Com a pandemia, a rotina ficou mais leve. E permitiu mais horas de estudo. “Encaixava o estudo à tarde e à noite, entre os treinos do dia.” Giullia tenta compensar agora o que poderá ser sacrificado no início de 2021, quando terá a terceira e última oportunidade para obter a classificação olímpica. “O último classificatório será em abril do ano que vem. Passei perto nas duas chances anteriores. Por isso tenho muita esperança. Tem tudo para dar certo”, aposta.

Giullia ainda busca a vaga em sua primeira Olimpíada da carreira. Quando era judoca, passou perto de ir para Pequim-2008. Buzacarini, por sua vez, competiu no Rio-2016. Ambos não descartam entrar no novo ciclo olímpico após Tóquio, pensando nos Jogos de Paris-2024. Até lá, eles já devem contar com diplomas e currículos mais recheados.

NOVOS PLANOS – Campeão olímpico em Barcelona-92, o diretor-geral do COB, Rogério Sampaio, sentiu na pele as dificuldades de deixar as competições e iniciar uma nova trajetória profissional. Após largar os tatames em 1998, o ex-judoca admite que sofreu para fazer a chamada “transição de carreira”.

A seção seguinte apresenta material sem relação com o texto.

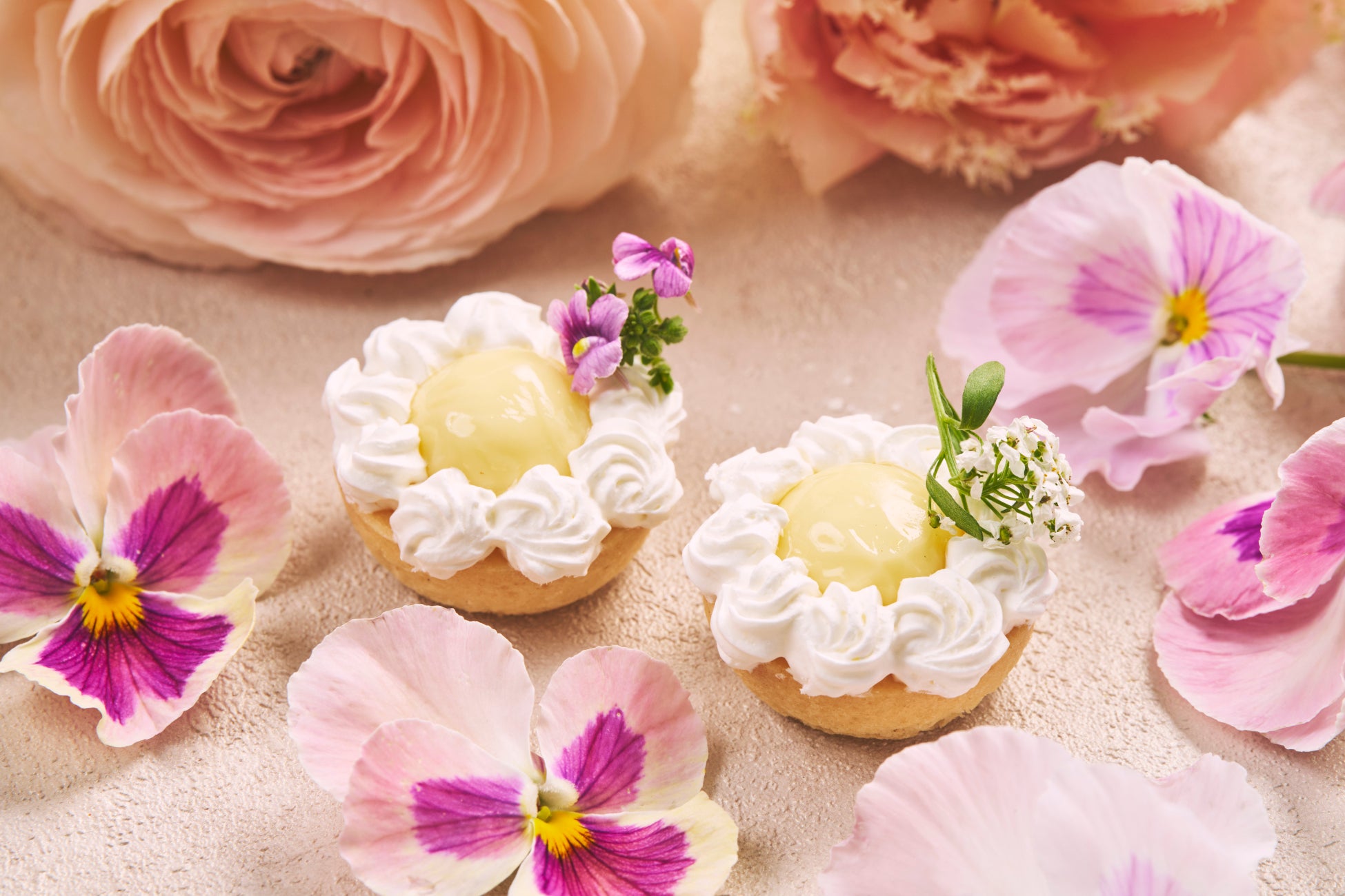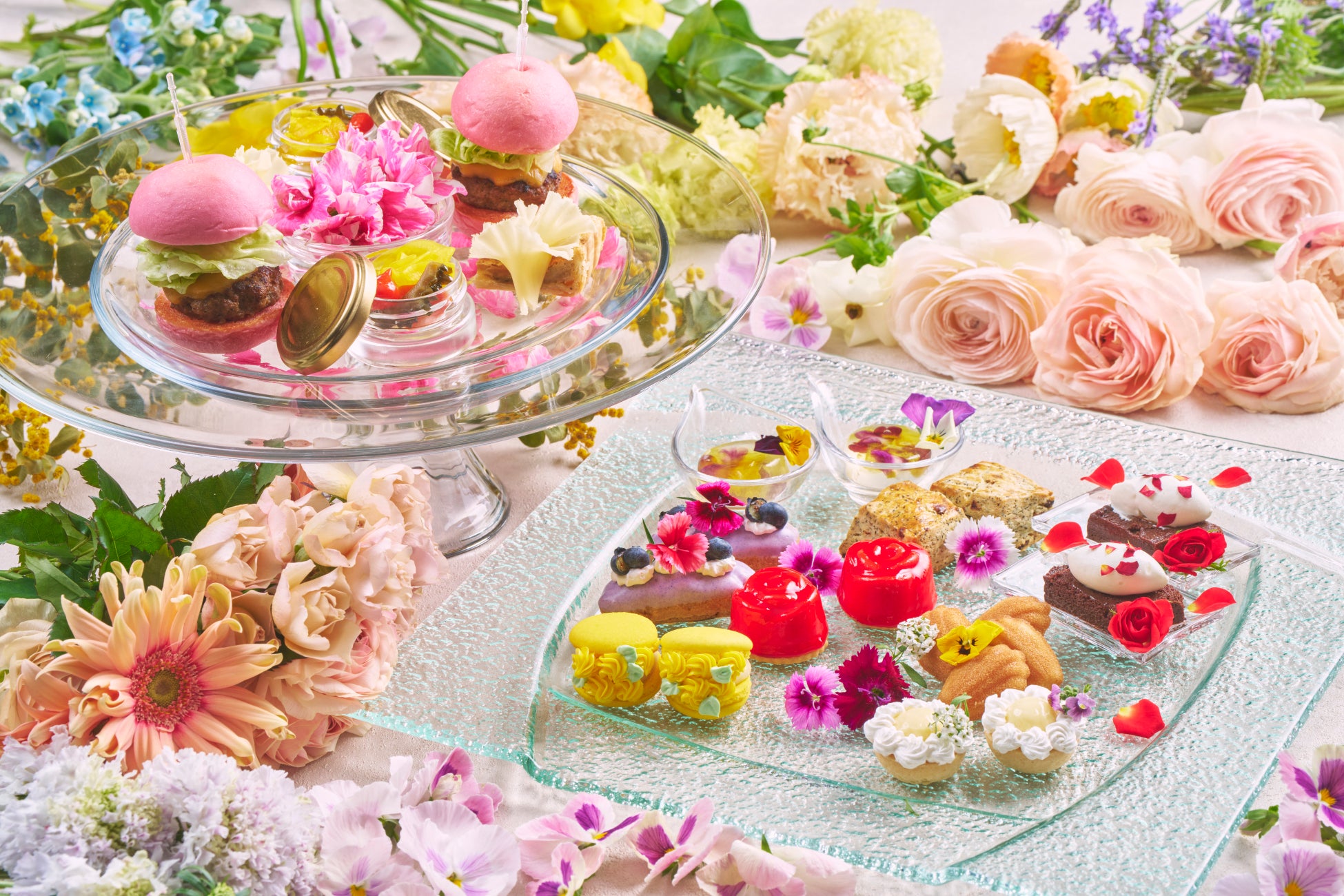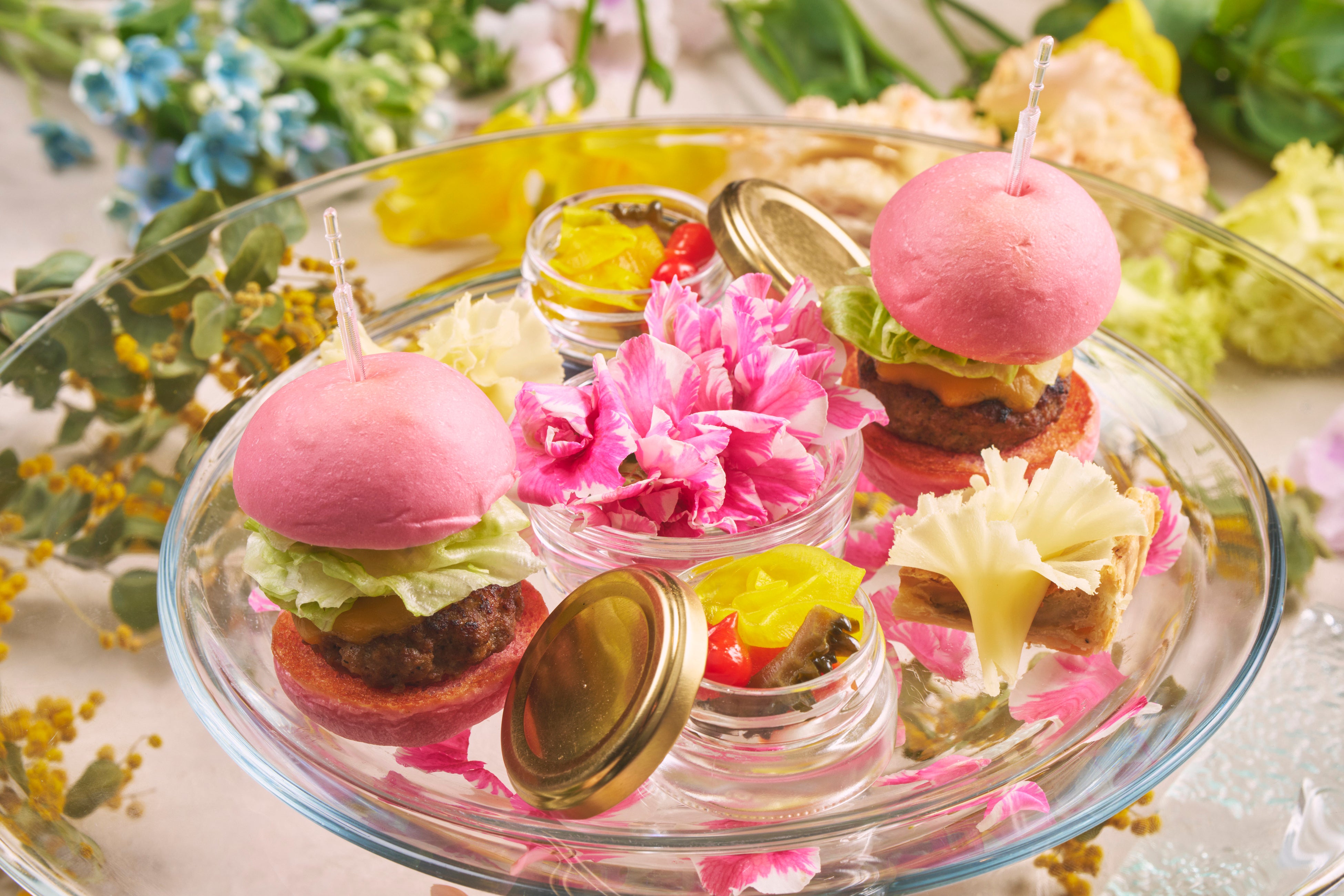 エディブルフラワーをあしらった色とりどりのスイーツは、口に含むとほんのりと花の香りが広がります。鮮やかな赤でバラを表現した「レモンdeレアチーズ」や、爽やかな風味が特徴の「シークワサータルト」など、全8種類のスイーツを取り揃えました。また、桜をイメージしたピンクのバンズが華やかな「桜バーガー」を含む、4種類のセイボリーもご堪能いただけます。料金はお一人様3,800円で、コーヒーまたは紅茶が付き、火曜日から金曜日までの限定開催となります。また、モエ・エ・シャンドンのグラス1杯が付いた贅沢なプランもご用意しており、こちらはお一人様6,000円でお楽しみいただけます。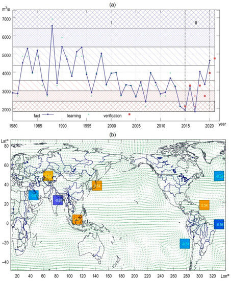 Based on the analysis of global climatic indicators [25,26], we have identified the relationships between the variability of atmospheric circulation in the basin and the total inflow into it. These relationships are used to form potential predictors and adjust multivariate neural networks according to the prognostic interval estimates of inflow.
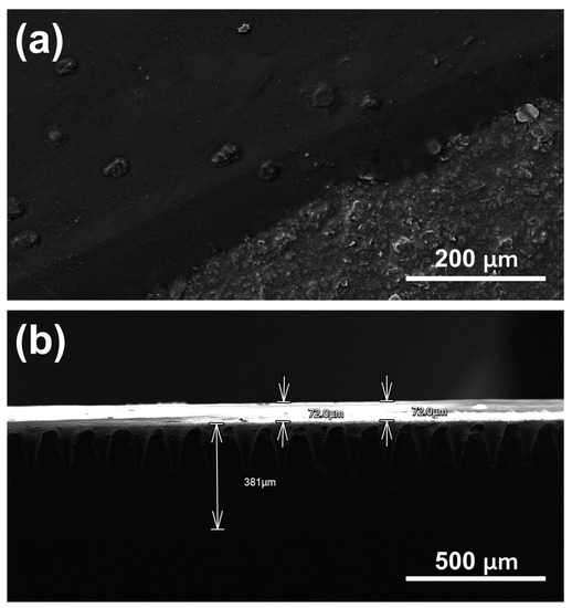 Figure 3. (a) Top-view and (b) cross-sectional SEM images of the polymeric film coating.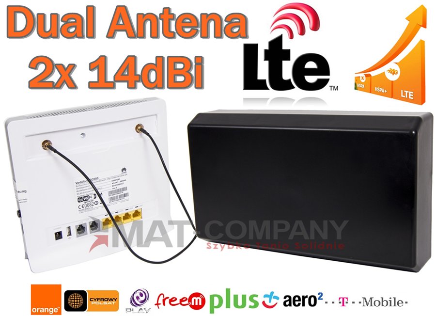 - Заводская, высокая антенна 2x 14dbi
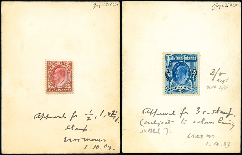 Falkland Islands: Queen Victoria Proofs and Specimens: Die Proofs, 1898 2s.6d. deep blue and 5s. red imperforate die proofs in issued colours on thin card. Photo.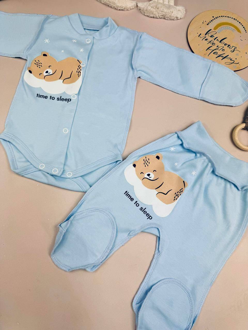 Практичный комплект для малышей, состоящий из удобного боди и мягких ползунков. Отличный выбор для повседневного ношения, сна и прогулок.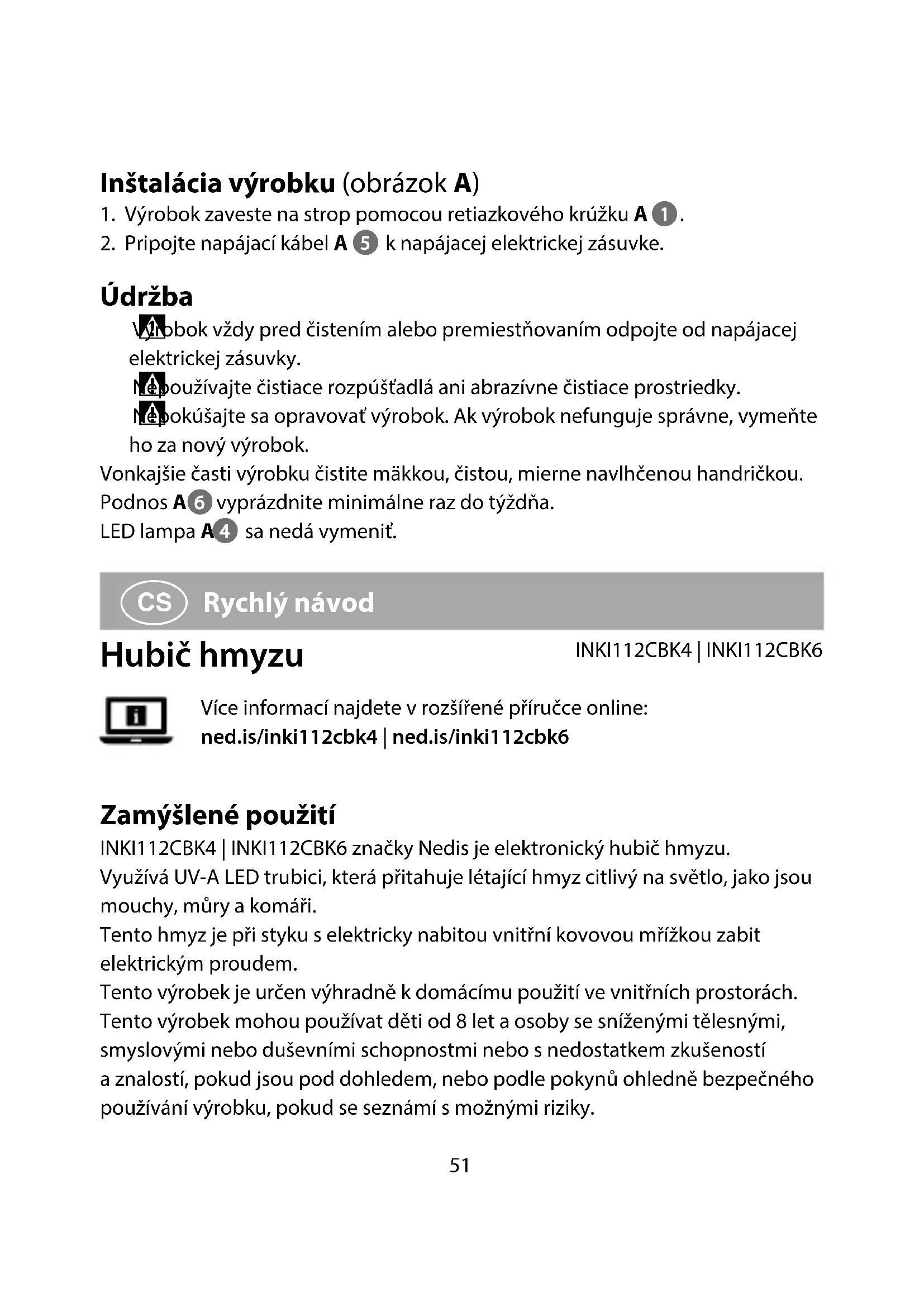 Rychlý návod Hubič hmyzu INKI112CBK4 | INKI112CBK6Více informací najdete v rozšířené příručce online: ned.is/inki112cbk4 | ned.is/inki112cbk6 Zamýšlené použití INKI112CBK4 | INKI112CBK6 značky Nedis je elektronický hubič hmyzu.Využívá UV-A LED trubici, která přitahuje létající hmyz citlivý na světlo, jako jsou mouchy, můry a komáři.Tento hmyz je při styku s elektricky nabitou vnitřní kovovou mřížkou zabit elektrickým proudem.Tento výrobek je určen výhradně k domácímu použití ve vnitřních prostorách.Tento výrobek mohou používat děti od 8let aosoby se sníženými tělesnými, smyslovými nebo duševními schopnostmi nebo snedostatkem zkušeností aznalostí, pokud jsou pod dohledem, nebo podle pokynů ohledně bezpečného používání výrobku, pokud se seznámí smožnými riziky.52 Jakékoli úpravy výrobku mohou ovlivnit jeho bezpečnost, záruku a správné fungování. Hlavní části (obrázek A) 1 Řetězové oko 2 Plášť 3 Kovová mřížka 4 Lampa UV-A LED 5 Napájecí kabel 6 Tác Bezpečnostní pokyny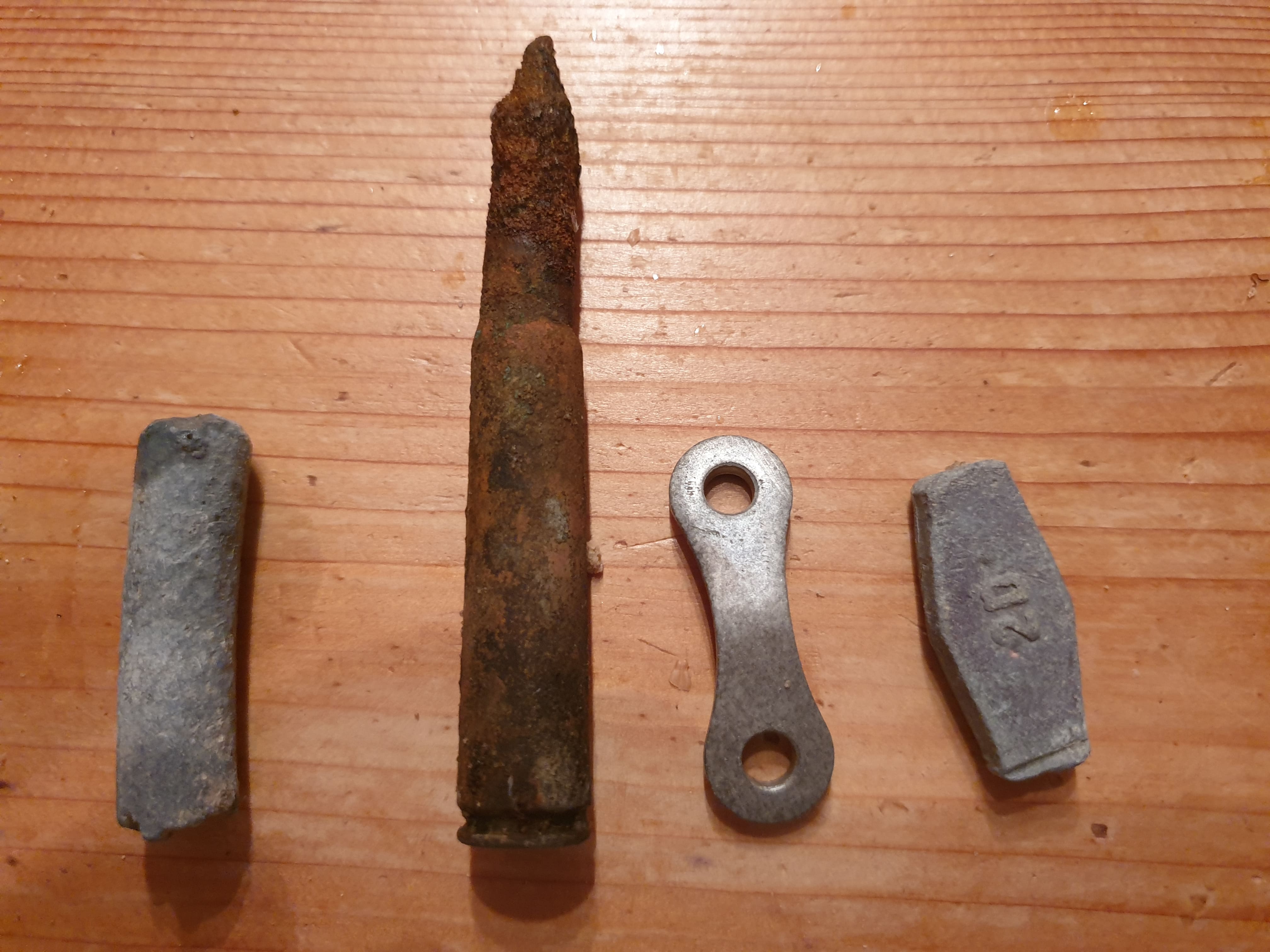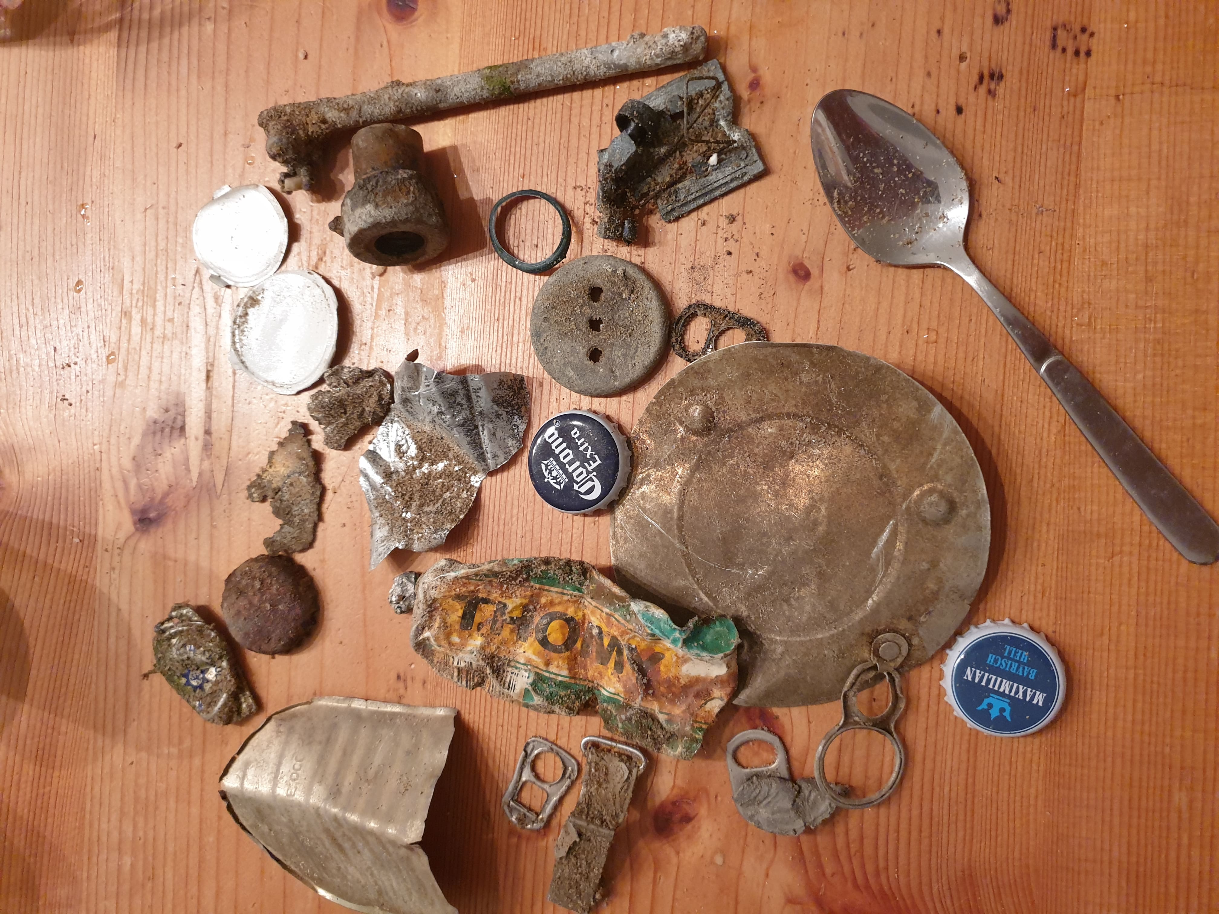Funde: Viel Müll wie immer, nur ein Kronkorken, Angel Blei, 3,60 Euros, ein Geschoss und ein schöner Silber Ring.

“É um período doloroso para o atleta, principalmente para quem dedica às vezes 20, 30 anos ao esporte”, afirma o agora dirigente ao Estadão. Sampaio diz que viu até casos de depressão entre ex-esportistas. “Demora um tempo para perceber que hábitos de 20 anos não vão deixar de acontecer num estalar de dedos. Isso é a transição de carreira. Não é um processo fácil de ser superado.”

Na sua avaliação, há campo suficiente de trabalho para ex-atletas no mercado. “A indústria esportiva é muito grande. Um atleta de carreira longa, com muitas conquistas, tem vivência que não se encontra fácil no mercado de trabalho. Ele será bom para tomar decisões, para gerenciar. O atleta com estas vivências, se se preparar bem, tem campo enorme de atuação.”

Sampaio revela que, além da iniciativa de distribuir bolsas de estudo, o COB vai iniciar projeto para tentar encaixar ex-atletas em empresas. “Começamos a fazer estudo neste sentido para oferecer esta chance ainda neste ano. Queremos oferecer oportunidade de emprego, vamos contratar uma empresa especializada para isso”, afirmou.